United States v. Herrera

407 F. Supp. 766, 1 Fed. R. Serv. 162, 1975 U.S. Dist. LEXIS 15932
CourtDistrict Court, N.D. Illinois
DecidedSeptember 30, 1975
Docket74 CR 794
StatusPublished
Cited by4 cases

This text of 407 F. Supp. 766 (United States v. Herrera) is published on Counsel Stack Legal Research, covering District Court, N.D. Illinois primary law. Counsel Stack provides free access to over 12 million legal documents including statutes, case law, regulations, and constitutions.

Bluebook
United States v. Herrera, 407 F. Supp. 766, 1 Fed. R. Serv. 162, 1975 U.S. Dist. LEXIS 15932 (N.D. Ill. 1975).

Opinion

MEMORANDUM OPINION

MARSHALL, District Judge.

The trial of defendant Juan Herrera for the sale of a substance containing heroin in violation of 21 U.S.C.A. § 841(a)(1), presented an opportunity for analysis of the factual prerequisites for the admissibility against Herrera of the declarations of his co-defendant, Jose Rodriguez, who was asserted by the Government, although not alleged in the indictment, to be Herrera’s co-conspirator or joint venturer. The situation presented by the evidence is deserving of explication for while the trial was to the court without a jury, in a very real sense it involved the correctness of a portion of a jury instruction widely used in this circuit in conspiracy cases, LaBuy, et al., Jury Instructions in Federal Criminal Cases, § 10.00, and the application of Rule 104(a) and (b) of the Federal Rules of Evidence.

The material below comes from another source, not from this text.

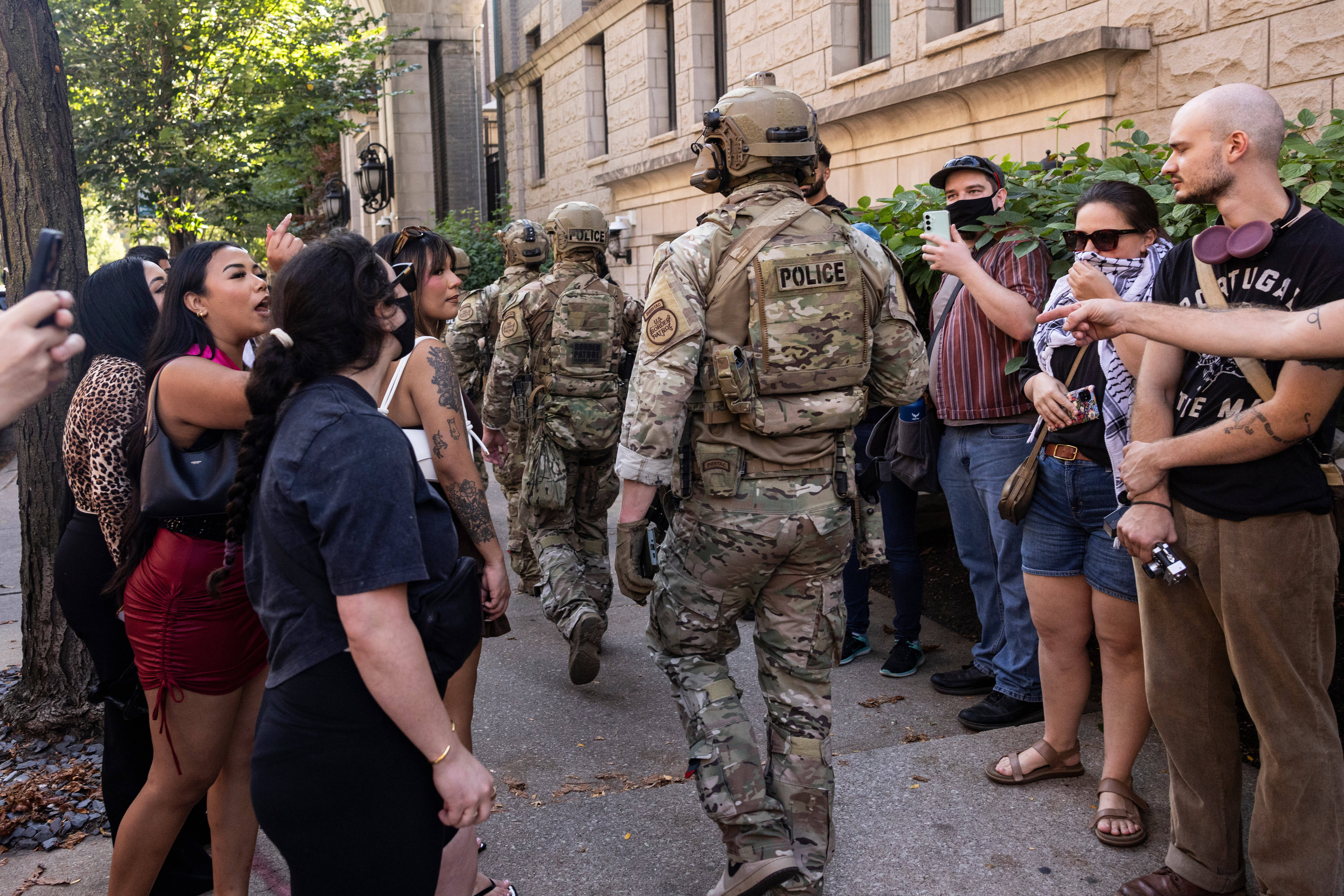 据好意思联社报说念,28日,数十名全副武装的联邦王法东说念主员在芝加哥市一些着名的旅游和购物区放哨,引诱不少购物者和在街边咖啡馆用餐的家庭能干,很多东说念主拿入手机摄像。

The indictment, in one count, alleged that on or about May 2, 1974, the defendants Rodriguez and Herrera “knowingly and intentionally did distribute approximately 23.606 grams of a substance containing heroin, a Schedule I narcotic drug controlled substance” in violation of 21 U.S.C. § 841(a)(1). Rodriguez pleaded guilty but that admission was, of course, not considered against Herrera in any way.

In Herrera’s trial the evidence, independent of any declarations by Rodriguez, established the following. By prearrangement, Rodriguez met an undercover narcotics agent, Riley, at approximately 7:00 p. m. on May 2, 1974 in a car wash at the northwest corner of Oakley Boulevard (running north and south) and Grand Avenue (running essentially east and west) on the north side of Chicago. That meeting and all of the subsequent activities which culminated in a sale of narcotics to Riley occurred under the surveillance of two other narcotics agents. Rodriguez left Riley and returned on two occasions. The second time he left he walked south across Grand Avenue and entered a tavern known as “Pepo’s.”

At about the same time, Herrera arrived in the neighborhood in a brown Toronado Oldsmobile which the evidence showed was registered in the name of one Fergosa. Herrera parked the Toronado on the east side of Oakley just south of Grand, got out and walked west across Oakley in the direction of Pepo’s. One agent whose credibility was doubtful, testified that Herrera entered Pepo’s.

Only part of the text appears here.